Jul 13 2026 · 6 min read · #ai #opinion #human-in-the-loop

Last Tuesday I had three Claude Code sessions running at once. One was refactoring the build script for this site. One was writing test coverage for a data pipeline. The third was batch-editing TMDL files, because a semantic model with forty tables deserves better than me doing find-and-replace by hand. All three finished within a minute of each other. Three terminals of green text, then silence. The machines were done. They were waiting for me.

I reviewed the first diff the way I review any diff: one hunk at a time, holding each change against what I know about the surrounding code. It took about twenty minutes. Sessions two and three sat idle the whole time. Somewhere in a data centre, hardware that can produce a thousand words a minute waited while one man in Malaysia reread line 41, unsure about an edge case.
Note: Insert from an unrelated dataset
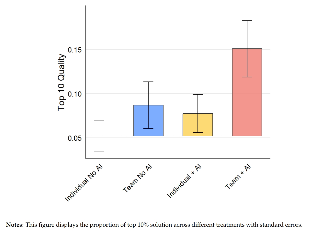 AI团队整体表现最佳(提升了0.39标准差),但与个体使用AI的表现差异无统计学意义。但在观察质量最好的前10%的顶尖方案时,AI团队输出此类方案的概率显著更高,表明人类团队协作的价值比个人光靠AI单打独斗的价值高。

That afternoon is the whole problem in miniature. Generation is now cheap, parallel and nearly instant. Comprehension, judgement and verification still run on one brain, serially, at biological speed, and they get worse as the day goes on. The constraint on AI productivity has moved. It lives in the reader now.

The constraint always moves

Computing history is a record of bottlenecks being relocated. Compilers removed hand-assembly and exposed design as the slow part. Spreadsheets removed arithmetic and exposed the harder question of what to model. Stack Overflow removed the hunt for an answer and exposed the skill of knowing which answer to trust. Each tool made one activity so cheap that the activity behind it became the new constraint.
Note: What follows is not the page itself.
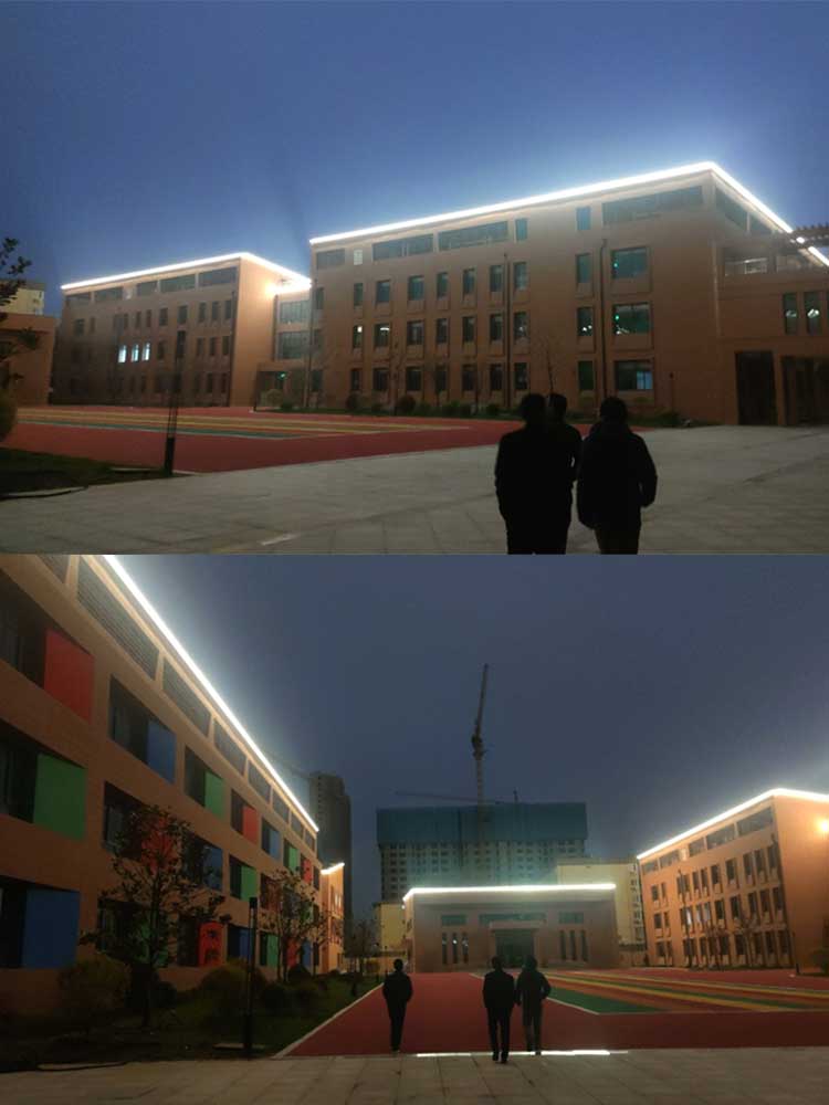 簡介—— 西安市兒童福利院亮化工程,主要是采用線條燈對樓體的頂部和側面輪廓進行勾勒,主樓安裝十二生肖發光造型,側墻采用圖案燈進行動畫投影,打出絢麗多彩的動畫卡通人物,與建筑的實用完整結合。

There’s a name for the general case: Amdahl’s law. Speed up one part of a system and the overall gain is capped by the parts you left alone. Large language models sped up production, spectacularly. Everything left alone is in your skull.

The arithmetic

The best estimate of adult silent reading speed comes from a 2019 meta-analysis by Marc Brysbaert, covering 190 studies and roughly 18,600 people: 238 words per minute for non-fiction. That’s reading, where the words only have to pass through you. Reviewing runs slower. Checking a claim against a source, or a diff against the rest of a codebase, means stopping, holding two things in your head at once, and deciding. Nobody has clocked that anywhere near 238.

A model can hand you 1,500 words in well under a minute. At reading speed alone, that’s more than six minutes of your attention, and judging it properly might be twenty. Every token the model generates is a claim on that attention, and tokens are effectively free now. Run three sessions at once and the thing that triples is the queue at the only checkpoint, and the checkpoint reads at the same speed it did in 1999.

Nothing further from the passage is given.